On the Cold Coasts
He had taken Gauti from her. He fell overboard during the seal hunt, and although they managed to pull him from the icy Hvalseyjarfjord just moments later, it was already too late—the brutal frost had reached his heart and it had ceased beating.
“Haven’t you taken enough?” Sigridur cried out to the crucified Christ on the altarpiece and lit one wax candle after another with trembling hands for each loved one that He taken from her, until the church was fully illuminated. Surely He could see in that divine light that she had been punished enough, whatever she had done to deserve it. “Take the boy, but let my Ragna live and forgive my selfishness,” she whispered and clasped her hands together so tightly that the knuckles turned white, praying unceasingly in this manner until daybreak. “I shall endure anything, anything at all, if only you let my daughter live.”
Whether due to Sigridur’s fervent prayers or the midwife’s incantations, the Lord showed mercy and allowed both to live, Ragna and the boy. Not only that, but the girl recovered astonishingly quickly. The midwife announced, however, that the new mother would scarcely survive something like that for a second time. She was so badly maimed from giving birth to her eleven-pound son that another birth would most certainly kill her.

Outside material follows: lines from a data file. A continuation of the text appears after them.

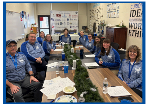
Early College Teacher Meetings
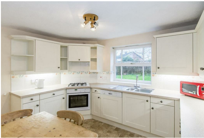
Breakfast Kitchen 11'10" x 9'05" (3.61m x 2.87m)

Fitted with a wide range of cream cabinets with complimenting work surfaces. Neff built under single oven with gas hob and extractor hood. Integral fridge and space for a dishwasher.
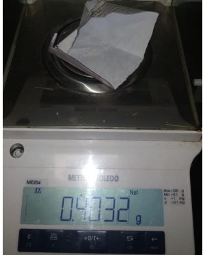
Figure 8: Urea crystals

For this project, Great indo gardens® UREA 1000gram Urea NPK 46:0:0 plant Fertilizer to use it as a nitrogen source for the little millet straw for nitrogen enrichment. The product has been purchased from E commerce website, amazon.com, Inc.
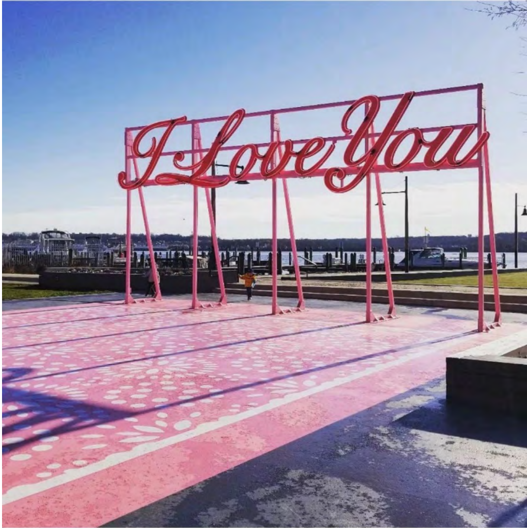
“I Love You” by R&R Studios: A Site/See: New Views in Old Town Waterfront Park Project, Opening Photo March 2022
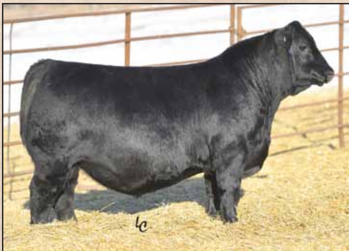
Lot 63, Ellingson Transcend 8161.
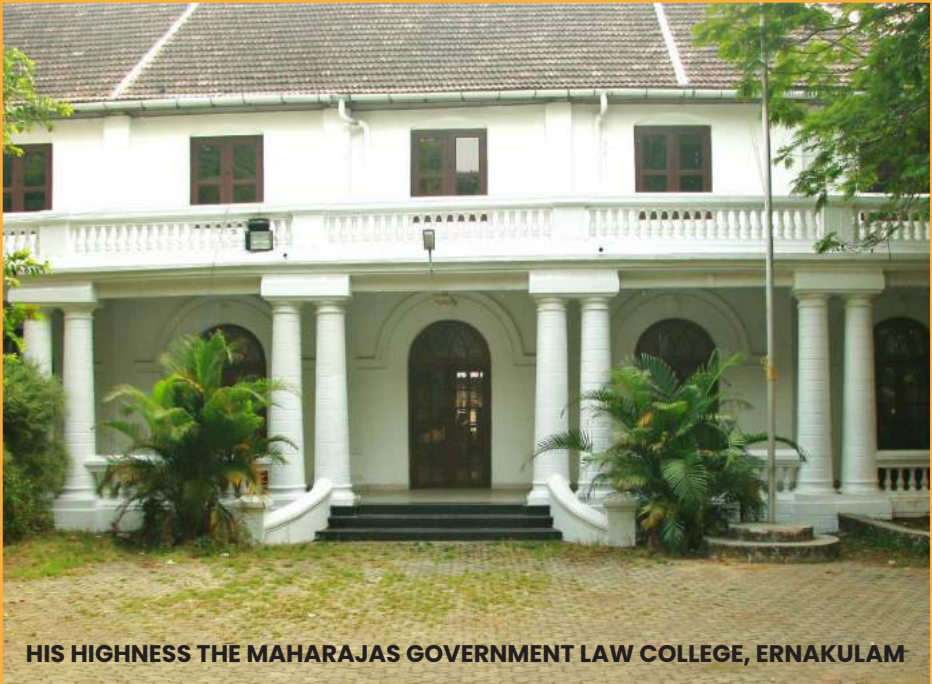
HIS HIGHNESS THE MAHARAJAS GOVERNMENT LAW COLLEGE, ERNAKULAM
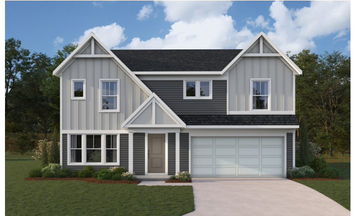
MODERN RETREAT (WITH OPTIONAL BRICK)
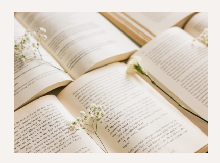
ARE WILLING TO DO THE UNCOMFORTABLE WORK

A Parradiigm Mastercoach™ is someone who puts their own development at the forefront for their craft for their clients' sake.
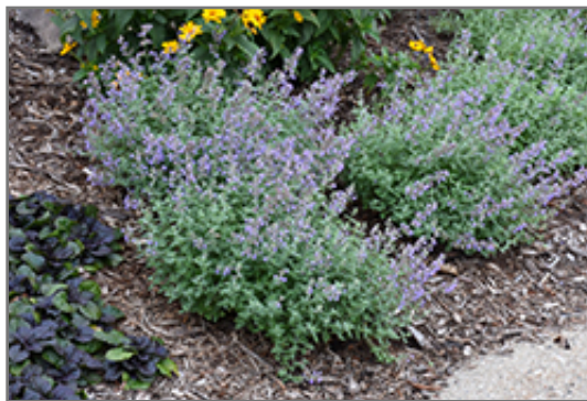
Purrsian Blue Catmint in bloom

The girl named the boy after his father, who had sailed away across the sea. She let them decide everything else, but on this she would not budge, surprising herself as much as those closest to her with her own stubbornness. “Michael, like the archangel,” said Sigridur, when asked where the name had come from. Yet most of the people in the district guessed the truth and chuckled to themselves with satisfaction that the uppity folks at Akrar had received due penance for their own self-importance. It served them well to be brought down a notch, what with Thorsteinn being given the post of lawman, and by Jove if he didn’t covet the office of governor of the Norwegian king as well.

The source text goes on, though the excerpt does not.